Copy.of.WEEK.4.mp4
In 2006, Hans Rosling gave a TED talk titled "The best stats you've ever seen." It is recommended to watch this video before working on the project to understand the inspiration behind the visualization.
You can watch the TED talk here : https://www.ted.com/talks/hans_rosling_the_best_stats_you_ve_ever_seen?language=en
Explore the realm of data visualization in Python by utilizing powerful libraries such as Matplotlib, Seaborn, and Plotly.
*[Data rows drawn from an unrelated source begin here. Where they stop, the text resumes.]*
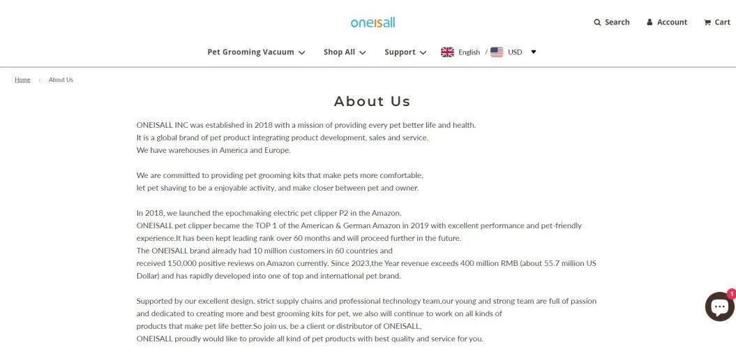 除了在TikTok上的成功,ONEISALL品牌在欧美亚马逊上常年盘踞best seller,2022年销售额超2.2亿。2018年,在亚马逊推出了电动宠物剪刀P2。ONEISALL宠物剪刀以其出色的性能和宠物友好的体验,于2019年成为了美国和德国亚马逊的第一名。已经保持了超过60个月的领先地位,并将在未来继续前进。 ONEISALL品牌已经拥有了60个国家的1000万客户,并目前在亚马逊上获得了15万条积极评价。自2023年以来,年收入已超过4亿元人民币(约合5570万美元),并迅速发展成为国际宠物品牌的一员。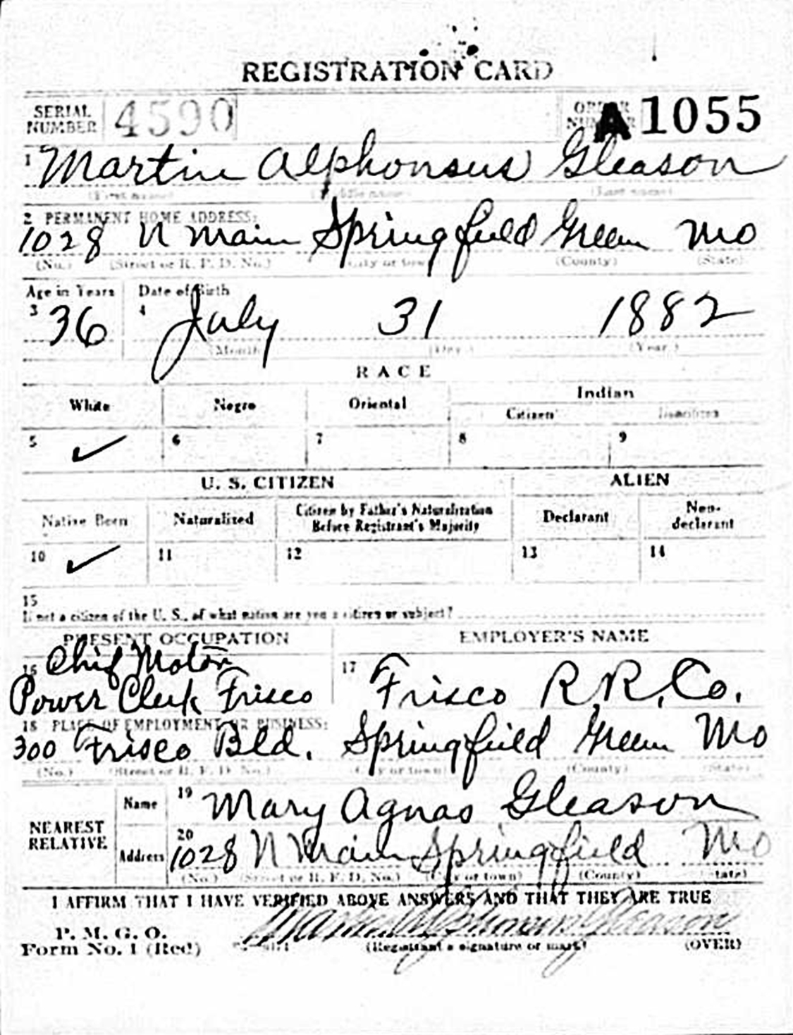 Martin Alphonsus Gleason WWI Draft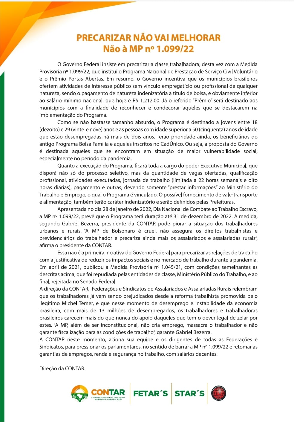 Apresentada no dia 28 de janeiro de 2022, Dia Nacional de Combate ao Trabalho Escravo, a MP nº 1.099/22, prevê que o Programa terá duração até 31 de dezembro de 2022. A medida, segundo Gabriel Bezerra, presidente da CONTAR pode piorar a situação dos trabalhadores urbanos e rurais. “A MP de Bolsonaro é cruel, não assegura os direitos trabalhistas e previdenciários do trabalhador e precariza ainda mais os assalariados e assalariadas rurais”, afirma o presidente da CONTAR.

The task is to create visually engaging and informative plots, graphs, and charts based on a provided dataset.
- Life expectancy at birth: The number of years a newborn would live if the patterns of mortality at the time of birth remain the same throughout his life.
- Fertility rate: Number of children a woman would give birth to during her childbearing years.
- Country population: Total number of residents regardless of legal status or citizenship (midyear estimates).
- Obtain the dataset provided for this task and examine the dataset to understand its structure, variables, and potential insights it may offer.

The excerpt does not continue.